**Task item**
Each entry must be given again exactly; images do not belong in the copy.
<<<<
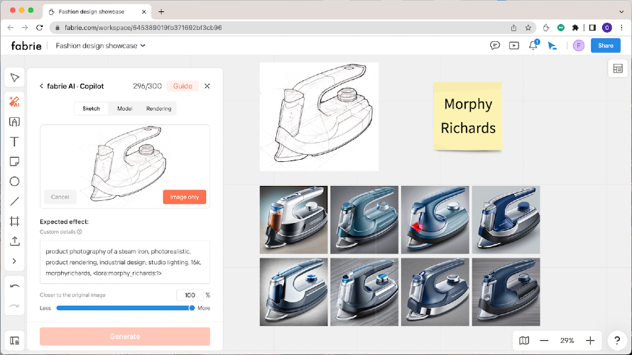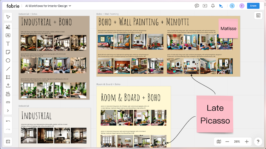 Do you want to onboard your design team with the latest AI tools to turn your ideas into realistic drawings and render sketches within seconds, but hate copying and pasting images from app to app? Do you want to use ChatGPT to generate tables and mind maps, but hate switching tabs all the time? Fabrie is an AI-enabled collaborative workspace made for designers that allows you to use all your favorite AI tools on a whiteboard! We've integrated Stable Diffusion, ControlNet, and GPT4 into Fabrie so that you can work with AI visually and collaboratively.
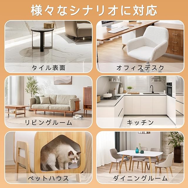 床暖房対応: マットの表面は滑らかで、裏面はつや消しの半透明で高級感があり、床にフィットしやすく、見た目も軽く、肌触りがよく、ずれにくい; PVC素材の特徴のひとつは、耐熱性があるため、床暖房にも使用でき、耐熱温度は85℃まで; 床暖房、フローリング、その他の床材など、幅広い用途に使用できる
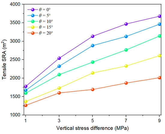Variation of total SRA with vertical stress difference under different formation dip angles.
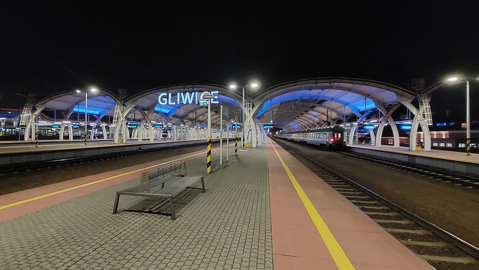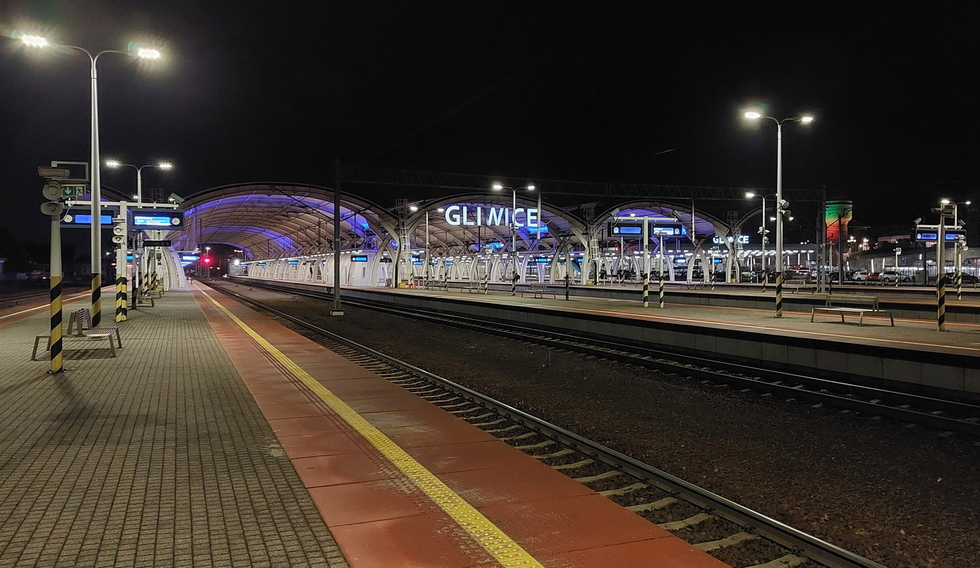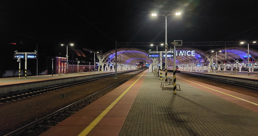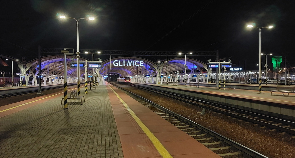 Perony dworca wieczorową porą, 01.03.2025r. Gliwice.
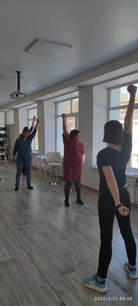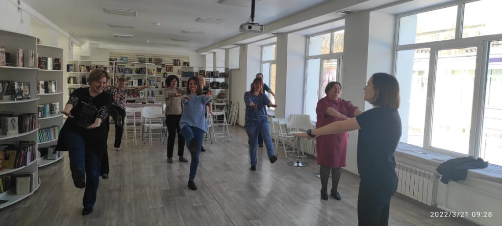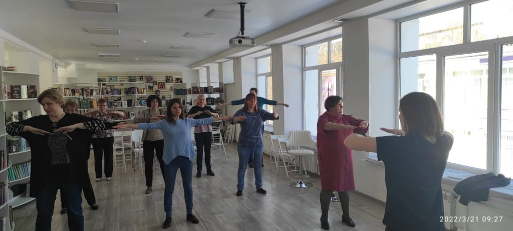В Центральной городской библиотеке имени С. Есенина в рамках программы «Навигатор здоровья» сотрудники проводят утреннюю зарядку.
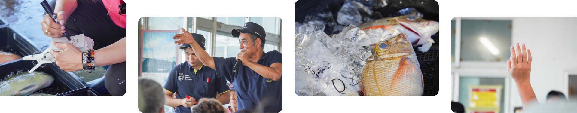 ほしい魚があったら、手を挙げて購入希望の金額を声に出して伝えましょう。同じ魚を希望する方がいる場合は、最高金額を出した人が購入できます。
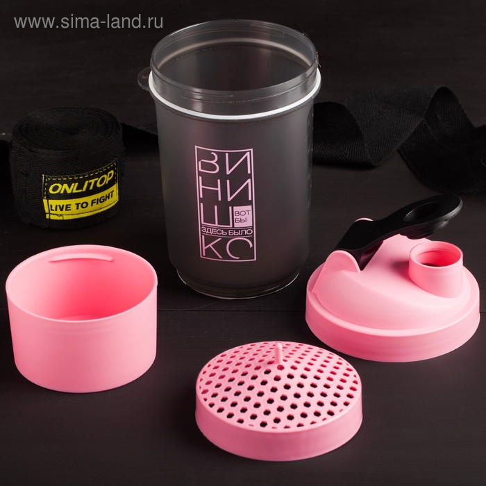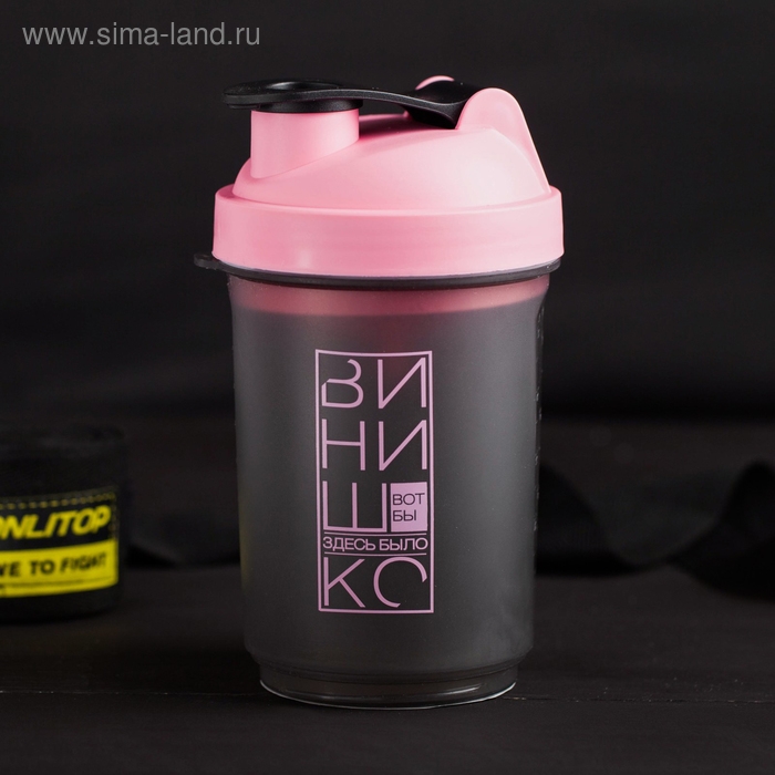Шейкер спортивный «Вот бы здесь было винишко», чёрно-розовый, с чашей под протеин, 500 мл
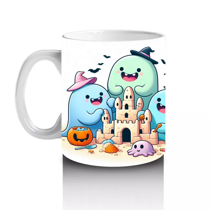 Sevimli hayaletler ve rengarenk şekerlemeler temalı bu kupa bardak, Cadılar Bayramı kutlamalarınıza tatlı bir dokunuş yapar.
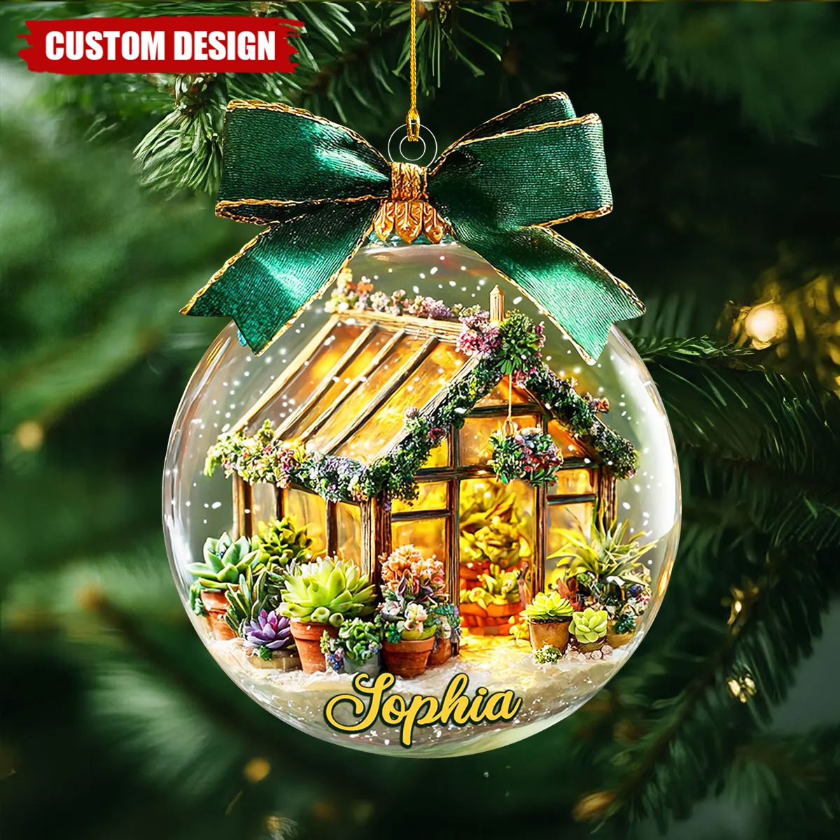 Personalized Greenhouse Ornament, Acrylic Succulent Garden Christmas Ornament, Custom Name Plant Lover Gift, Garden Lover Gift
>>>>
**Result for this exercise**
 Do you want to onboard your design team with the latest AI tools to turn your ideas into realistic drawings and render sketches within seconds, but hate copying and pasting images from app to app? Do you want to use ChatGPT to generate tables and mind maps, but hate switching tabs all the time? Fabrie is an AI-enabled collaborative workspace made for designers that allows you to use all your favorite AI tools on a whiteboard! We've integrated Stable Diffusion, ControlNet, and GPT4 into Fabrie so that you can work with AI visually and collaboratively.
 床暖房対応: マットの表面は滑らかで、裏面はつや消しの半透明で高級感があり、床にフィットしやすく、見た目も軽く、肌触りがよく、ずれにくい; PVC素材の特徴のひとつは、耐熱性があるため、床暖房にも使用でき、耐熱温度は85℃まで; 床暖房、フローリング、その他の床材など、幅広い用途に使用できる
Variation of total SRA with vertical stress difference under different formation dip angles.
 Perony dworca wieczorową porą, 01.03.2025r. Gliwice.
В Центральной городской библиотеке имени С. Есенина в рамках программы «Навигатор здоровья» сотрудники проводят утреннюю зарядку.
 ほしい魚があったら、手を挙げて購入希望の金額を声に出して伝えましょう。同じ魚を希望する方がいる場合は、最高金額を出した人が購入できます。
Шейкер спортивный «Вот бы здесь было винишко», чёрно-розовый, с чашей под протеин, 500 мл
 Sevimli hayaletler ve rengarenk şekerlemeler temalı bu kupa bardak, Cadılar Bayramı kutlamalarınıza tatlı bir dokunuş yapar.
 Personalized Greenhouse Ornament, Acrylic Succulent Garden Christmas Ornament, Custom Name Plant Lover Gift, Garden Lover Gift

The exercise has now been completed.